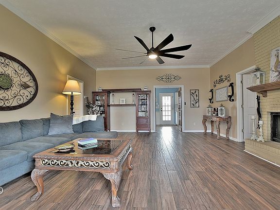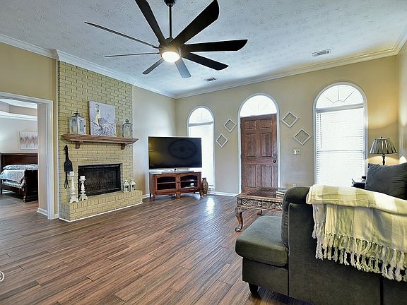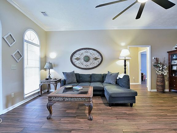 Move-In Ready in Huntington Hills Community! Want the privacy of the country without the commute? This property has picturesque water views and is only a five minute drive to grocery stores, retail shopping, and entertainment! Situated on a spacious lot with LAKE access & a floating dock! Single Level Home features Wood-Look tile flooring throughout the interior - no carpet! Cozy up on those cold winter evenings by the wood-burning fireplace in the living room. Private master suite with walk-in closet. The other two bedrooms are located on the opposite side of the home for added privacy. Double carport located in the rear of the home - which could also function as an additional patio space. The yard is completely fenced-in. Storage Outbuilding passes with the sale! Call to schedule your private showing today!
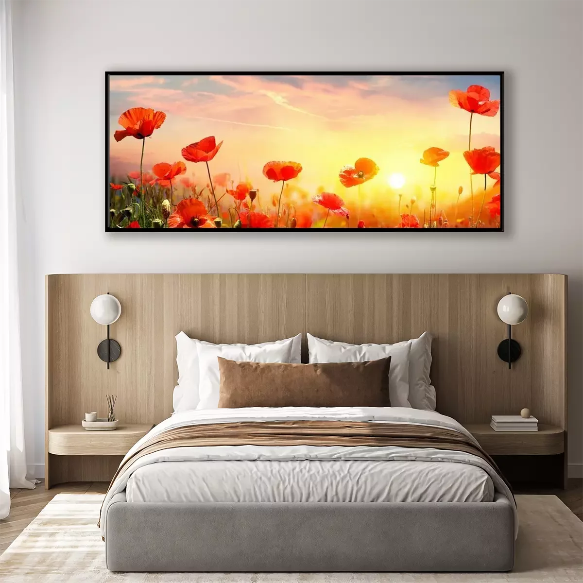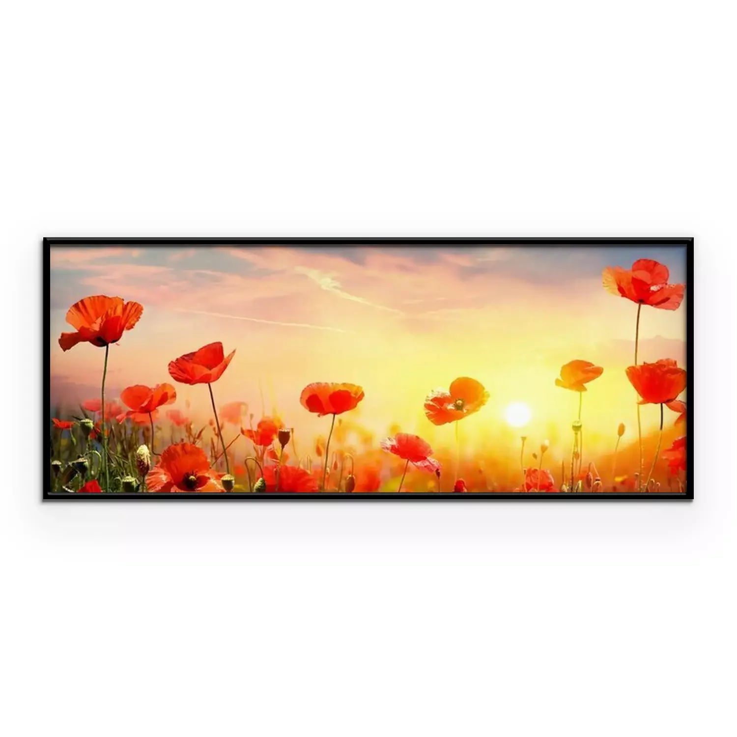 Poster: Landschap met klaprozen bij zonsondergang
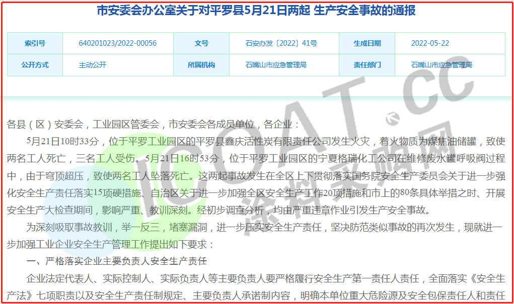 2022年5月21日,寧夏石嘴山平羅縣鑫慶活性炭有限責任公司發生火災,著火物質為煤焦油儲罐,致使2名工人死亡,3名工人受傷。

* WHAT YOU SHOULD DO:
Print verbatim every line above, apart from the pictures.

* ANSWER TO THIS TASK:
 Move-In Ready in Huntington Hills Community! Want the privacy of the country without the commute? This property has picturesque water views and is only a five minute drive to grocery stores, retail shopping, and entertainment! Situated on a spacious lot with LAKE access & a floating dock! Single Level Home features Wood-Look tile flooring throughout the interior - no carpet! Cozy up on those cold winter evenings by the wood-burning fireplace in the living room. Private master suite with walk-in closet. The other two bedrooms are located on the opposite side of the home for added privacy. Double carport located in the rear of the home - which could also function as an additional patio space. The yard is completely fenced-in. Storage Outbuilding passes with the sale! Call to schedule your private showing today!
 Poster: Landschap met klaprozen bij zonsondergang
 2022年5月21日,寧夏石嘴山平羅縣鑫慶活性炭有限責任公司發生火災,著火物質為煤焦油儲罐,致使2名工人死亡,3名工人受傷。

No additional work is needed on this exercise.